Self-Portrait, Nude with Steering Wheel
I am forty-five and do not
Know how to drive a car
- And you tell me I am cultured.
Forty-five years creeping and crawling about the earth,
Going up and down the world,
And I do not know the difference between a carburettor and a gasket
- And you tell me I am a Homo sapiens.
Forty-five years sitting in the back seat giving directions
- And you say that I am not an egoist.
Forty-five years sitting in the passenger seat
With my gloved hands folded primly in my lap
- And you think I am liberated.
Forty-five years getting in and out of cars
And I do not know where the dipstick is
- And you tell me that I am a superb lover.
Forty-five years grovelling behind a windscreen
- And you talk of my pride and courage and self-reliance.
Forty-five years of not caring to know the meaning of words
Like transmission, clutch, choke, battery, leads
- And you say that I am articulate.
Forty-five years bumming lifts off other people -
And you tell me I am an independent, solitary, romantic spirit.
So it is that you find me tonight
Loitering here outside your front door
Having paid off a taxi in three ten-pound notes,
Nude, with a steering-wheel in my hands.
The poem works through contrasting registers of language. The harsh, self-critical verbs he uses to strip himself bare of any title as a man of culture or of words, as a lover or responsible social being, are vivid, idiomatic, demotic, funny: creeping and crawling / grovelling / bumming / loitering. Utterly different in tone from the emptily abstract praise of liberated/ superb / pride / courage / self-reliance / articulate / independent/ romantic, whose unrealistic distance from ordinary life is underlined early on in the Latin title Homo sapiens. All this praising is, quite literally, in another language from the day-to-day. And day- to-day living, intelligence and independence are supposed (the poem modestly suggests) to depend on driving a car.

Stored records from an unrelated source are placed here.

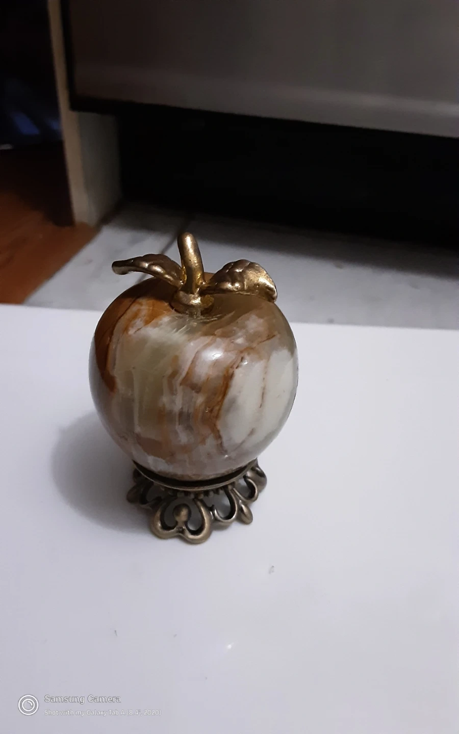 Here's a lovely decorative Onix stone apple. It has a unique design and would look great as a centrepiece or on a shelf. It's in great condition!
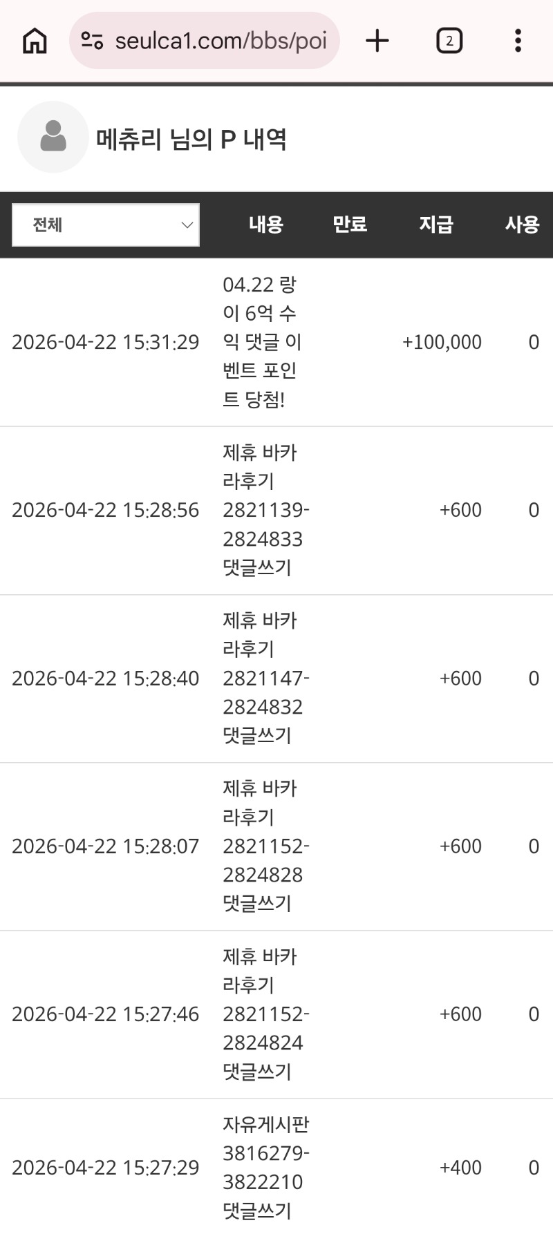랑이 수익포 감사감사♡ 메츄리 4 0 0 15:41:34 *기프티콘 바코드 노출 주의* <- 0 0 https://seulca1.com/bbs/board.php?bo_table=free&wr_id=3822257 Author 1 0 Lv.8 메츄리 8 3,053,620 (5%) 메츄리님 보유 포인트 : P 1,792,317 04.22 모두 맛저하세용~~ㅎㅎ +4 04.22 랑이 수익포 감사감사♡ +2 04.22 연타쌍복 ㅋㅋㅋㅋㅋ줄때주는걸까????? +10 04.22 레벨업 ㅅㅅ 맛점하십시용 ~~♡ +18 04.22 인나자마자 일복3등 ㅅㅅ 감쟈합니다
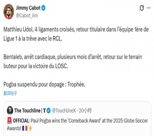 体育播报12月29日宣 博格巴昨日获得环足奖最佳复出奖。前法甲球员吉米·卡博特在社媒上转发了博格巴获奖的...
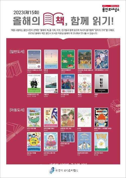 시 관계자는 “책을 사랑하는 용인시민들의 선택으로 ‘2023년 올해의 책’이 꼽혔다”며 “올 한 해 시민들이 20권의 책을 통해 가족, 이웃, 친구들과 뜻깊은 추억을 만들도록 풍성한 연계 행사를 준비하겠다”고 말했다.
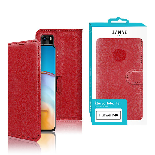 Etui Portefeuille Zanae pour Huawei P40 Rouge
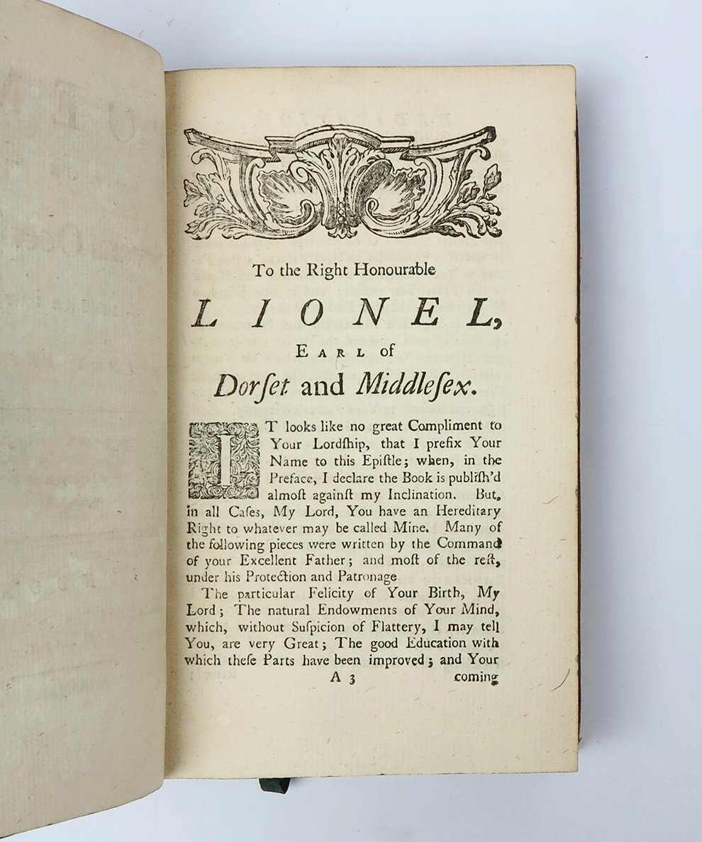 A two-volume set of poetic miscellanies, predominantly of the works of Matthew Prior (1664–1721), but with a curious, amatory section to the end of volume two. Prior was a poet, statesman, and Tory ally to Robert Harley and the Scriblerians. His biographer states that his primary interests were ‘women, collecting, friends, a country estate, and writing.’ He was ‘arguably the most important poet writing in English between the death of Dryden (1700) and the poetic majority of Pope in 1712’ (ODNB). He proved a continually popular entry in miscellanies, a form of publication which gathered together various works, sometimes on a theme. This set is a rather curious miscellany, while dominated by Prior’s works, approximately the final third of volume 2 consists of ‘Original Poems and Translations by Various Hands’ - a deliberately vague title to a truly varied selection of poetry. A reader’s interest may have been piqued by the first poem in the section, Hildebrand Jacob’s amatory verse on female auto-eroticism ‘The Curious Maid’ (often misattributed to Prior), which is accompanied by an engraved plate of a woman using a mirror to peek under her own skirts. What follows are a series of amatory, bawdy, and controversial works, many laden with innuendo (as in ‘The Silent Flute: Or the Members Speech to their Soveraign’ [sic.]), while others use the tried-and-true guise of classical translation to depict scenes of ‘heaving breasts and extended thighs’. Other poems in the collection are on less lurid but still interesting and controversial topics: Bedlam, snuff, marriage, politics, and the manners of the day. The title rather overstates the ‘original’ nature of the works: they mostly appear to be printed from earlier sources, but their gathering together here nonetheless places these poems in new contexts. Miscellanies were an important venue for erotic, amatory, and controversial works (indeed, much of John Wilmot, Earl of Rochester’s poetry was first published in miscellanies by Edmund Curll). This set appears to be scarce with all the plates, and represents an interesting combination of respectable, mainstream, and clandestine verse in two well-preserved volumes.
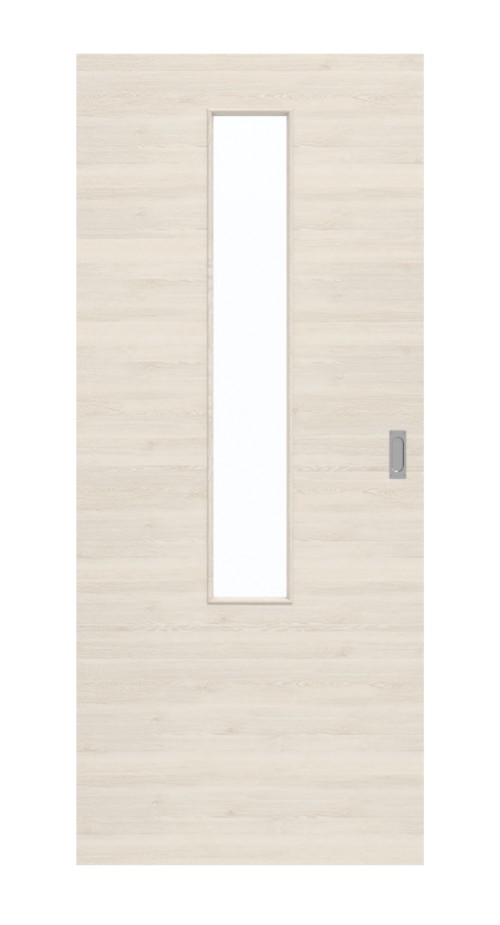 Dzięki wycięciu na szybę, umieszczonemu centralnie w górnej części skrzydła drzwiowego, światło wpada do pomieszczeń. Drzwi przesuwne przekonują swoim nowoczesnym designem. Drobne usłojenia rozciągają się na skrzydle drzwiowym w jasnym wykończeniu wizualnym drewna. Poziome ułożenie rysunku nadaje całości wyrafinowany charakter. Powierzchnia HPL okazuje się niezwykle wytrzymała i odporna na wysoką temperaturę.

So the poem is making a pretty rueful, if not gloomy point, and ends as a naked statement of dependence - on money, taxis, and other people, especially "you"; this person who has showered him with praise and who, he hopes, is about to open her "front door". (All the erotic symbolism of that, especially combined with "nude", is a tradition in male love poetry since Roman times, and hangs hopefully in the air at the end.) But the poem makes its gloomy point with humorously frisky symbolism whose paired connections slyly suggest that "driving a car" sums up all the important things in life: culture, insight, freedom, sex, independence, language. The poem turns into a portrait of the poet as incapable of any of these: supposedly in control of his life but in fact pathetically passive. All he has in his hands is the external image of control, not the thing itself. If you strip him ("nude"), he has no inside knowledge, either of machinery or words. He is steering precisely nothing. Except that he has steered this original poem firmly to its self-deprecating end, and been perfectly in charge of everything, both linguistic registers, both visions, right the way through.
Ruth Padel
`Self-Portrait, Nude with Steering Wheel', appears in Daddy Daddy (Blackstaff Press) and more recently A Snail in My Prime (Harvill)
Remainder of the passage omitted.